= Donogh Dáll Ó Derrig =

Donogh Dáll Ó Derrig, a.k.a. Blind Donogh O'Derrick, was an Irish rapparee executed in December 1656.

Ó Derrig was active in County Kildare in the early 1650s, in the aftermath of the Irish Confederate Wars.

A court-martial held in Kilkenny on 23 September 1653 found Murtagh Cullen and his wife guilty of sheltering Ó Derrig. Sentenced to death, they were allowed to draw lots to decide who would die. When Mrs. Cullen drew the death lot, the sentence was deferred due to her pregnancy.

In July 1654, he led his band of outlaws and killed an Irishman working as a constable for the English in Timolin, County Kildare.

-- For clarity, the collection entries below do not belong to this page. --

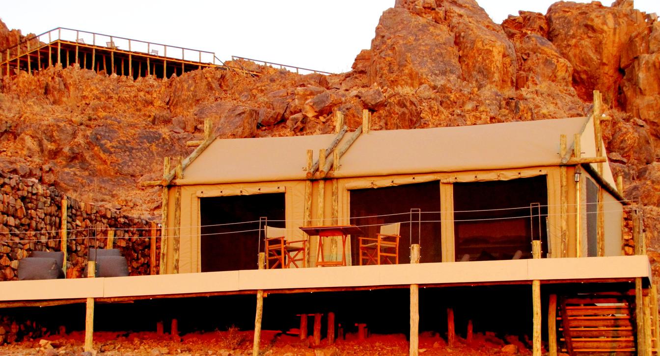 Custom build 85sqm Canvas Tents envelope guests in pure privacy, complete with an outside viewing deck, an indoor and outdoor shower, spacious bathroom and a Mini Bar provided by the Elegant Desert Lodge in the form of a cool box. Our Rock Pool on top of the mountain with a large sun downer deck offers the most exquisite views and scenery.
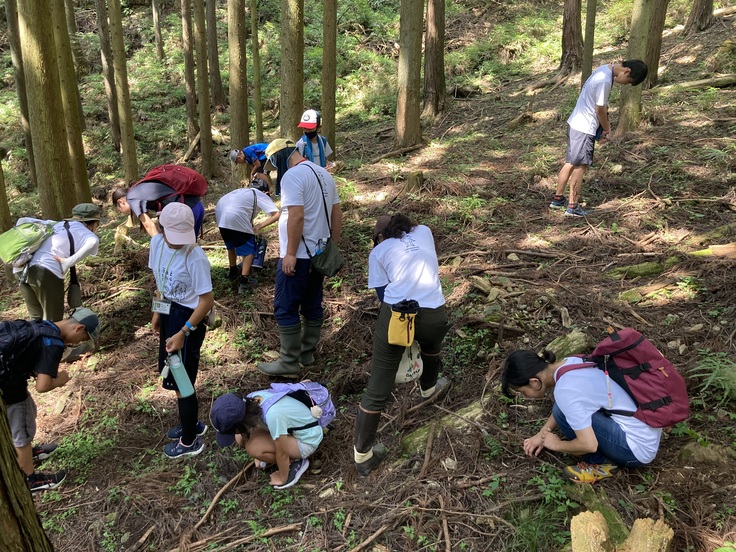 いよいよ交流会スタート!全員でヤマビルを探せ。
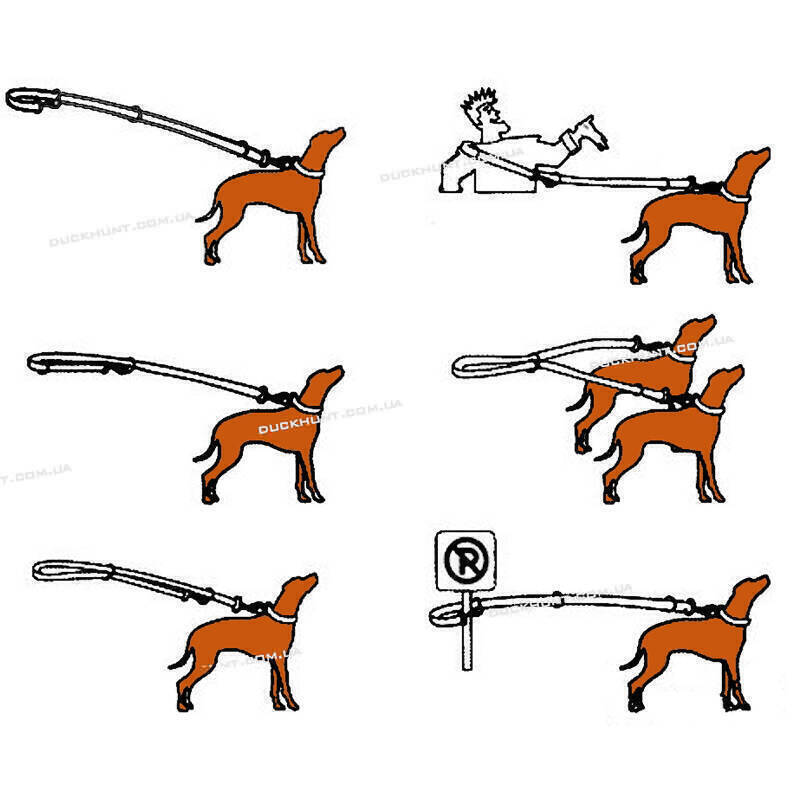 Повідець-перестібка це новий погляд на амуніцію для собаки. Вона дозволяє використовувати її як мінімум як шість різних повідків:

In March 1655, he captured and subsequently hanged eight surveyors of Sir William Petty as accessories to a gigantic scheme of ruthless robbery. A price of £30 was put on his head and that of his lieutenant, Dermot Ryan. In the autumn, Ó Derrig's wife was one of thirty-seven people rounded up and transported via a frigate of Wexford to Barbados, arriving in May 1656. By then, Ó Derrig had been captured at a house in Timolin, summarily tried and executed. Dermot Ryan escaped and survived for another two years.